[RECORDED INFORMATION — start]
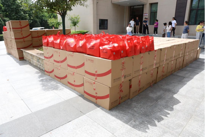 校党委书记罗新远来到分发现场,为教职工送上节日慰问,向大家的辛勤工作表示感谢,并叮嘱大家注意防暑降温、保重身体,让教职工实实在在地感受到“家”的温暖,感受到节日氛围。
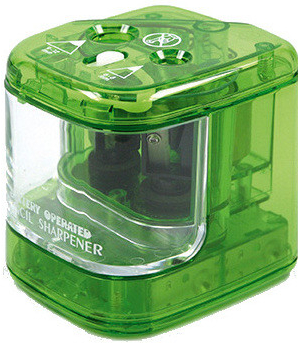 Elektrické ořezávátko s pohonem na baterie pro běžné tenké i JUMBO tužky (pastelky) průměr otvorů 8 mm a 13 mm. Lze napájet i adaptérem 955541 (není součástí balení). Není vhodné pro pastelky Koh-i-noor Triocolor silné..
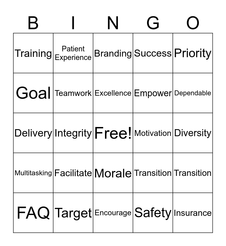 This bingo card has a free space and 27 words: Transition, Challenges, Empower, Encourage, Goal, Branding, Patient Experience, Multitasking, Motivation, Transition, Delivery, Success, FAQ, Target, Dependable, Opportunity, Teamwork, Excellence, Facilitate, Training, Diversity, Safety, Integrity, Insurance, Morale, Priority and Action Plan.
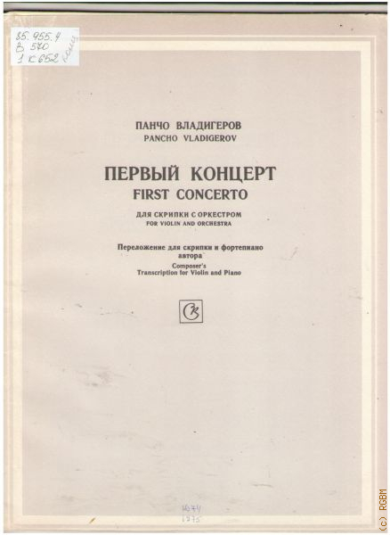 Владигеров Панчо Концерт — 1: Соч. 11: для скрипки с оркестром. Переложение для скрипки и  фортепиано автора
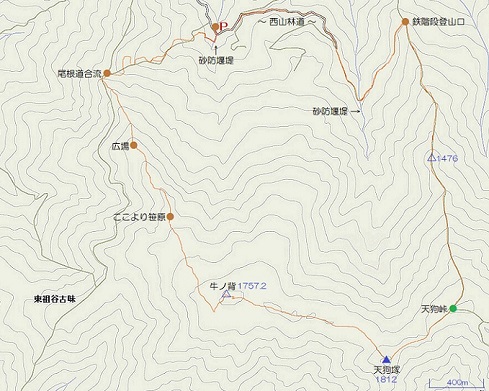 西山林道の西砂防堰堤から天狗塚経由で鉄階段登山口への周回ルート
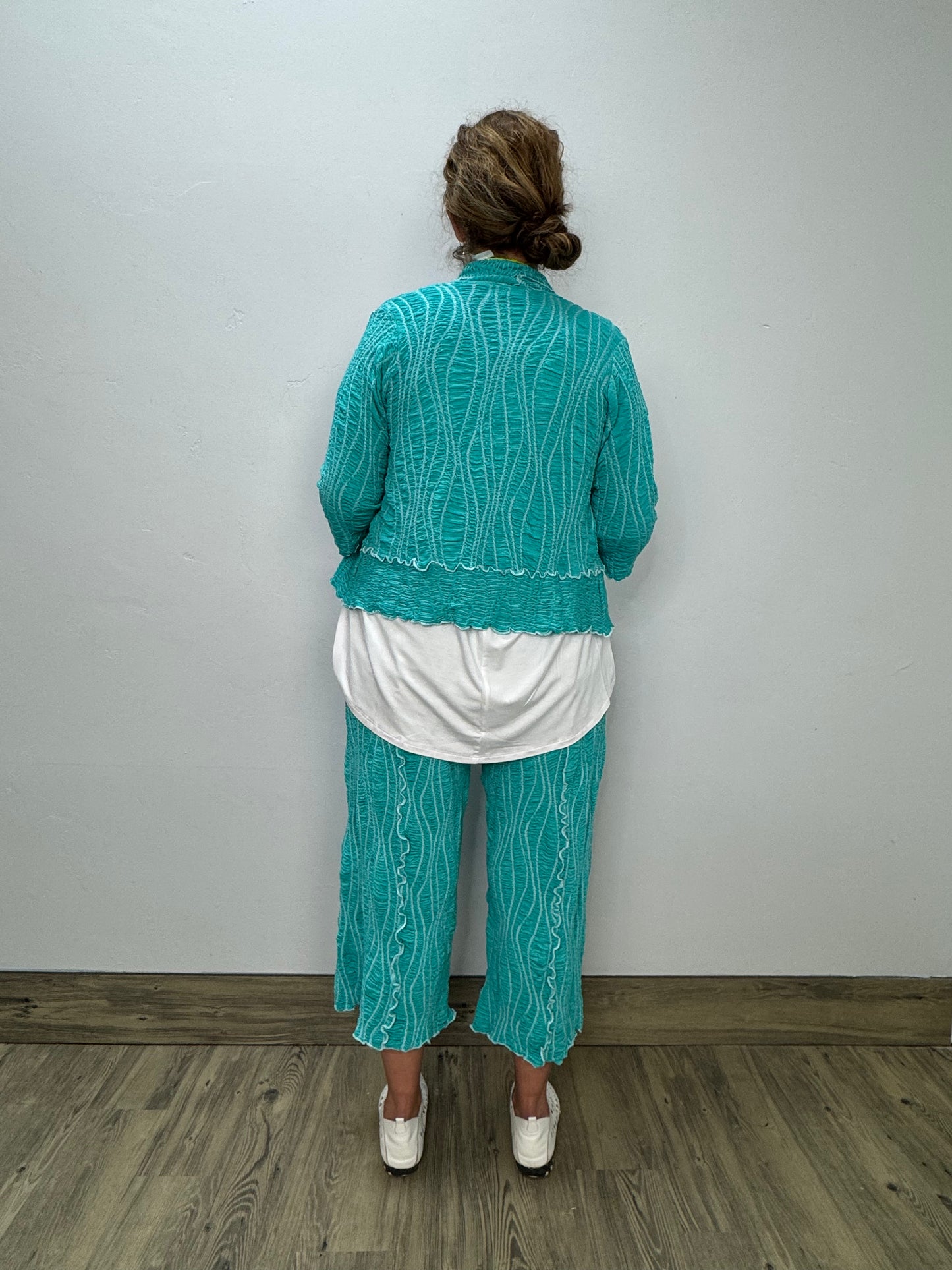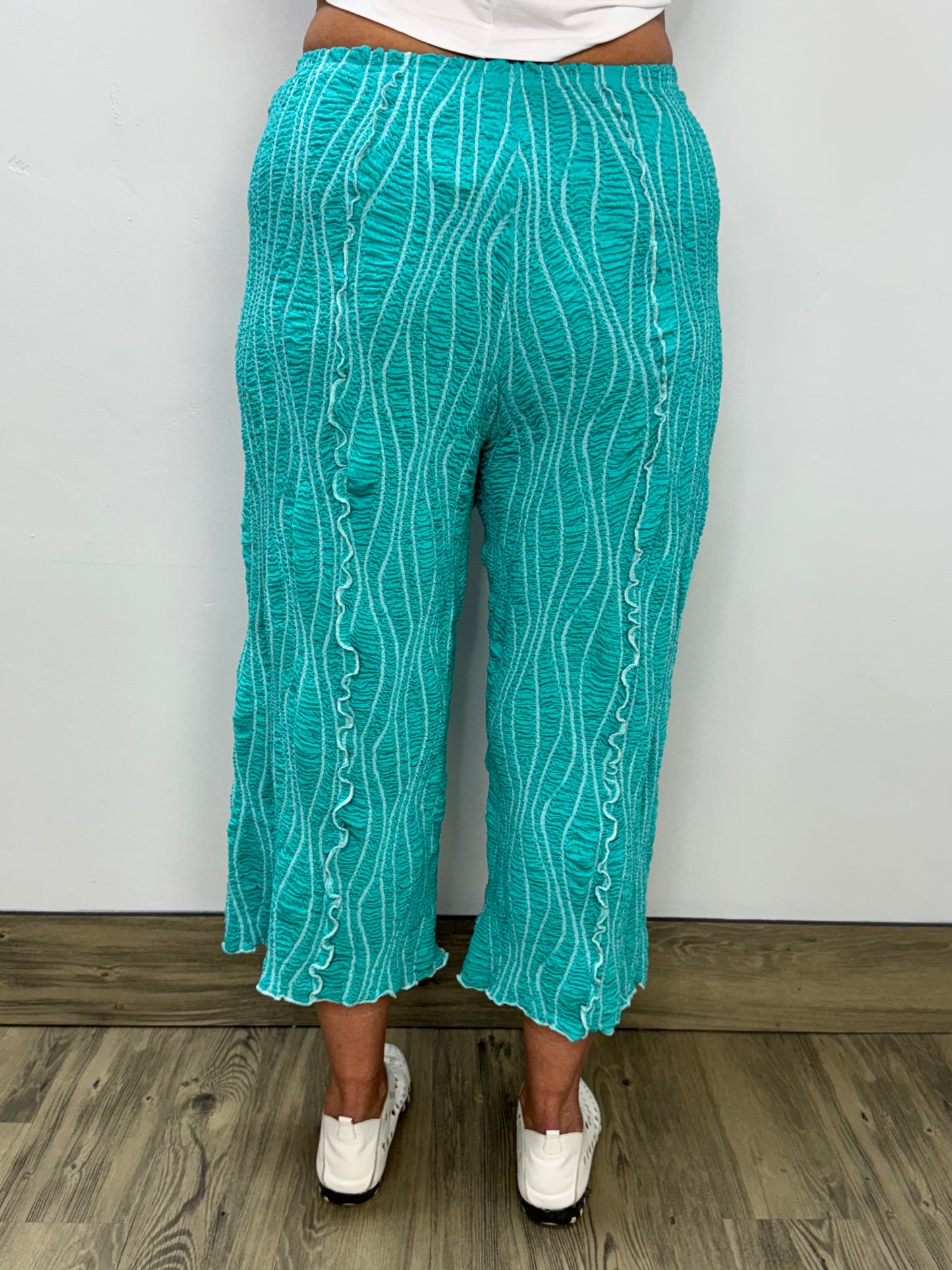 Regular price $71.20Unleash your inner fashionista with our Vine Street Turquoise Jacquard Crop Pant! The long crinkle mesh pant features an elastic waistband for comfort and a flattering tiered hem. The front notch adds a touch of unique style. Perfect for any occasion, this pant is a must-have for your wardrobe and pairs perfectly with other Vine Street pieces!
[RECORDED INFORMATION — finish]
[RECORDED INFORMATION — start]
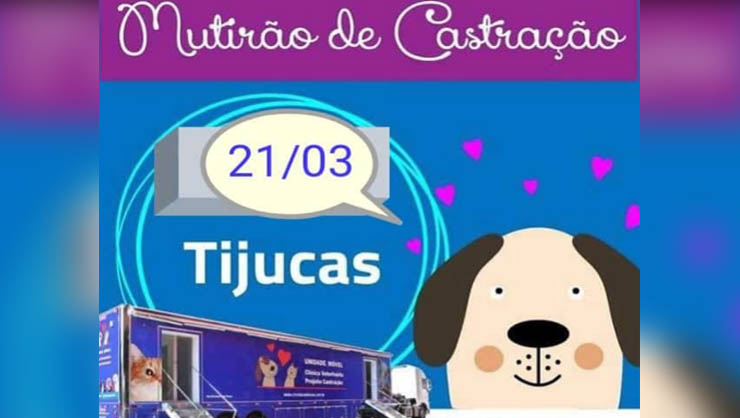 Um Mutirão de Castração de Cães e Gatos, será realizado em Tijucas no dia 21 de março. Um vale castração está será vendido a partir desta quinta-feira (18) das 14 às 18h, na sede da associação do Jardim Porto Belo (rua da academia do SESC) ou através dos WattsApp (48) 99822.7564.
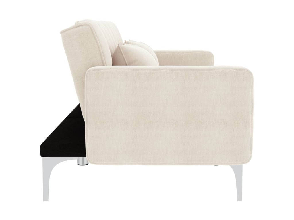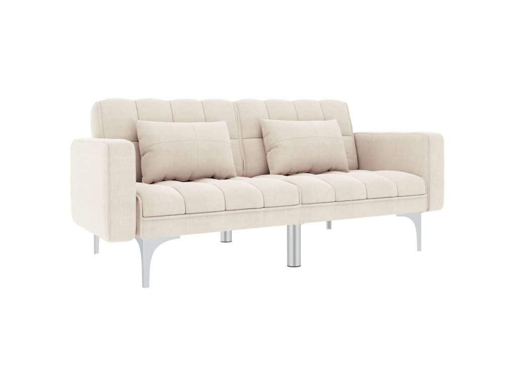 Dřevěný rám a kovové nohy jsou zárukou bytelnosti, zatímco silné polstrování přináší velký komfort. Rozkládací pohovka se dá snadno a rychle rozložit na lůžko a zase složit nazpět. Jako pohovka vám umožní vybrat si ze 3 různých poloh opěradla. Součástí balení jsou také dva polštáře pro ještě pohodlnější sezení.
[RECORDED INFORMATION — finish]
[RECORDED INFORMATION — start]
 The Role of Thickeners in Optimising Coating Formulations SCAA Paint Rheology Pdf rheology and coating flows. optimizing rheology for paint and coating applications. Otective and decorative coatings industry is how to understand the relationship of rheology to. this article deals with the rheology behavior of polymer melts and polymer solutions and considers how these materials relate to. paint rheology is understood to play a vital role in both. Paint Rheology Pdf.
[RECORDED INFORMATION — finish]
**WORK TO BE COMPLETED:** The reply should hold the entries above from the line with "校党委书记罗新远来到分发现场" to the line with "This bingo card", duplicated exactly, pictures excluded.

**RESPONSE:**
 校党委书记罗新远来到分发现场,为教职工送上节日慰问,向大家的辛勤工作表示感谢,并叮嘱大家注意防暑降温、保重身体,让教职工实实在在地感受到“家”的温暖,感受到节日氛围。
 Elektrické ořezávátko s pohonem na baterie pro běžné tenké i JUMBO tužky (pastelky) průměr otvorů 8 mm a 13 mm. Lze napájet i adaptérem 955541 (není součástí balení). Není vhodné pro pastelky Koh-i-noor Triocolor silné..
 This bingo card has a free space and 27 words: Transition, Challenges, Empower, Encourage, Goal, Branding, Patient Experience, Multitasking, Motivation, Transition, Delivery, Success, FAQ, Target, Dependable, Opportunity, Teamwork, Excellence, Facilitate, Training, Diversity, Safety, Integrity, Insurance, Morale, Priority and Action Plan.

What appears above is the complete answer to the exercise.